翻到最后一页时,她忽然停住:“这里不对。”
“哪里?”
“伤亡人数。”她指着数字,“报告里写的是‘实验体一人死亡,三名研究人员轻伤’。但实际不是这样——那天实验室里除了清河,还有四个年轻的助理研究员,他们都死了,被失控的能量场绞成了碎片。”
马大彪和欧老对视一眼。
“您有证据吗?”欧老问。
陈红梅站起身,颤巍巍地走到衣柜前,从最底层翻出一个铁盒子。打开,里面是一沓发黄的照片和几张手写的纸。
“这是那天早上拍的合照。”她抽出一张照片,上面是五个穿着白大褂的年轻人,笑容灿烂,“他们叫小李、小张、小王……都是二十出头的孩子。事故发生后,周鸿图封锁了消息,给家属的抚恤金封口,对外说是‘调离岗位’。”
她把照片和几张纸递给欧老:“这是我偷偷记下的名单,还有他们家属的地址。三十年了,我不知道还有多少人在世,但……这些应该有用。

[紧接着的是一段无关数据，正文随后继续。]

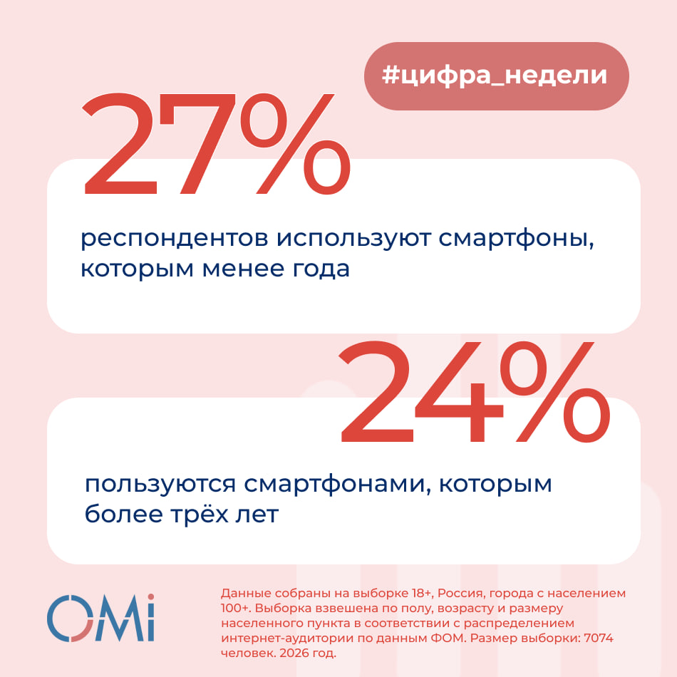 Почти половина респондентов используют смартфон старше 2 лет. При этом в России средний цикл обновления устройств традиционно короче (1,5–2 года).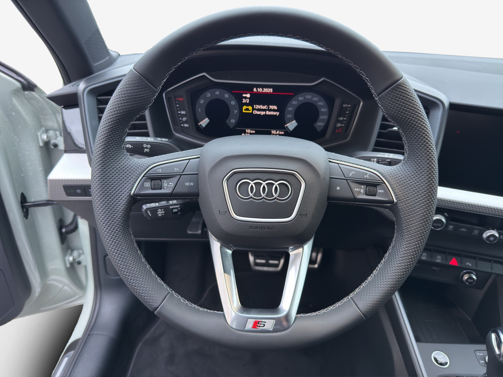 Assist: Audi pre sense basic Assist: Geschwindigkeitsregelanlage Assist: Spurwechselwarnung Aussenspiegel elektrisch einstell-, beheiz- und anklappbar Dachhimmel in Stoff schwarz Dekor: Aluminiumoptik im Interieur Dekor: Interieurelemente in Kunstleder Entfall Modellbezeichnung und Leistungs- / Technologie-Schriftzug Innenspiegel automatisch abblendbar Klima: 2-Zonen-Komfortklimaautomatik Komfortschlüssel (ohne Safelock) Licht: LED-Scheinwerfer und LED-Heckleuchten mit dynamischem Blinklicht Media: MMI Navigation plus mit MMI touch Paket: Kontur / Ambiente Lichtpaket, mehrfarbig Paket: S line mit Sportsitz (Stoff Puls / Kunstleder mono.pur 550- Kombination schwarz) Räder: Aluminium-Gussräder - 17 Zoll - 5-Arm-Polygon, schwarz Sitze: Vordersitze heizbar Sonnenschutzverglasung abgedunkelt

”
欧老接过那些沉重的纸片,郑重地放进公文包:“谢谢您,陈同志。”
“不用谢我。”老太太摇头,“这三十年,我每天都在后悔。如果当时我勇敢一点,清河和那些孩子也许都能活下来。现在,我只希望同样的悲剧不要再发生。”
离开养老院时,雨已经停了。东方天际露出一线鱼肚白,新的一天即将开始。
坐进车里,马大彪没有立刻发动引擎。他点了支烟,静静抽完。
“老爷子。”他忽然说,“如果我们把这一切告诉张小飞,他会怎么做?”
欧老看着窗外渐亮的天色:“他会愤怒,会恐惧,但最终——他会战斗。因为他是张小飞,不是林清河。”
“那我们呢?”
“我们做我们该做的事。”欧老合上公文包,“把这些证据整理好,在合适的时机交给合适的人。至于现在……”
他看向马大彪:“去医院看看那小子吧。他今天断了两根肋骨,这会儿应该在骂娘。”
马大彪笑了,发动汽车。
车轮转动,驶向黎明。
而在他们身后,养老院三号楼207室的窗口,陈红梅老太太一直站在那里,目送车子远去。
她手里攥着一张泛黄的照片——照片里,年轻的林清河穿着白大褂,对着镜头腼腆地笑着。
“清河啊。”她轻声说,“这次,阿姨不会让同样的事发生了。”
晨光透过窗户,照在她满是皱纹的脸上,也照在照片上那个永远年轻的少年身上。